CHAPTER 4: CORSICA EVERLASTING
The star of the collection for me, though, has to be Corsica Everlasting, a creation that blurs the lines between perfume, the culinary, and medicine so effectively that it comes on as something of a shock. ‘Curry!’ you think as the warming, rubefacient notes of cumin and thyme meet your nose, before the central note of immortelle – a honeyed, haylike, almost yeast-touched smell of big funky yellow, comes to the fore and stays until the seemingly neverending drydown.
Famed for its rejuvenating properties and ability to calm the distressed and the phobic, immortelle is an unusual choice for a key note, but Frazer’s instincts and feel for the potential of plant extracts play out beautifully here in a blend that really draws you in.
Is this perfume? It is. And not the first time that curry has been used in a scent. Diptyque’s L’Autre (1973) one of the most brilliantly weird and unconfomist scents ever created, was even more curried and cumined, with the frank caraway stench of hairy unwashed pits (though it seems, unfortunately, to have been censored recently; ‘cleaned up’ for the new Diptyque reissues: it is now much less ‘hippie’).
Corsica Everlasting is less wilfully difficult: less concentrated on being an outsider, ‘the other’, which was obviously Diptyque’s intention. Rather, it has a confidence, an inner glow – this perfume contains the soul of something: a tawny, aromatic richness, the male kiss of blankets.

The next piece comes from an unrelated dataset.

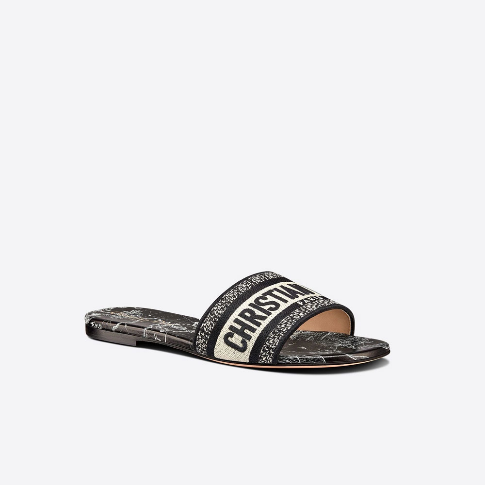 Dway Slide Black Dior Around the World Embroidered Cotton KCQ209CHR S900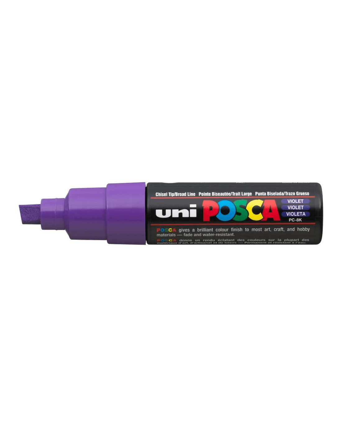 This POSCA PC-8K Poster Marker has water-based pigments which can be blended when wet or overlaid when dry. It has a chisel tip to produce thin lines on the point and thick, 8.0 mm lines on the side. Plus, it can be used on a variety of surfaces making it a versatile writing utensil.

There is, however, an initially perturbing and bitter undertone that I find troubling, and on me, the perfume is unthinkable. As much as it intrigues me, the only spice I can carry off convincingly is clove, or the tiniest soupçon of cinnamon, and the bizarre smell of everlasting would never work on my skin. However, the perfume’s palpable solar energy hooked me so entirely that I asked Duncan to wear it last week on a day out in Yokohama, and it was beautiful. The scents that suit him best are offbeat, spiced aromatics such as L’Eau Du Navigateur, Parfums d’Empire’s Eau de Gloire (strangely enough, also Corisca-inspired, though in this case, an attempt to reconstruct the beloved colognes of Napoleon), and Czech & Speake’s glorious tobacco-tinged Cuba. And Corsica Everlasting seemed to fit in well with this genre of understated, herb-caressed heat.
Throughout the day, every time I came close to the aura of his skin mingled with the Corsica, I got an instant spike of warmth in the heart. While in some ways the scent seems almost overly simplistic in its one-note barnyard sweater, it also has a three-dimensionality, a pastoral calm that made me think of big, drying, droopy holed seed heads in the late afternoon as the last rays of sun touch fronds of mountain grasses: that moment when a beautiful day has closed and the night is set to descend.
The strangeness and surprise of the scent never left though – that thin, fine line between fragrance and food that the perfume keeps treading, right up until the last, deep, note of smooth, lingering garam masala.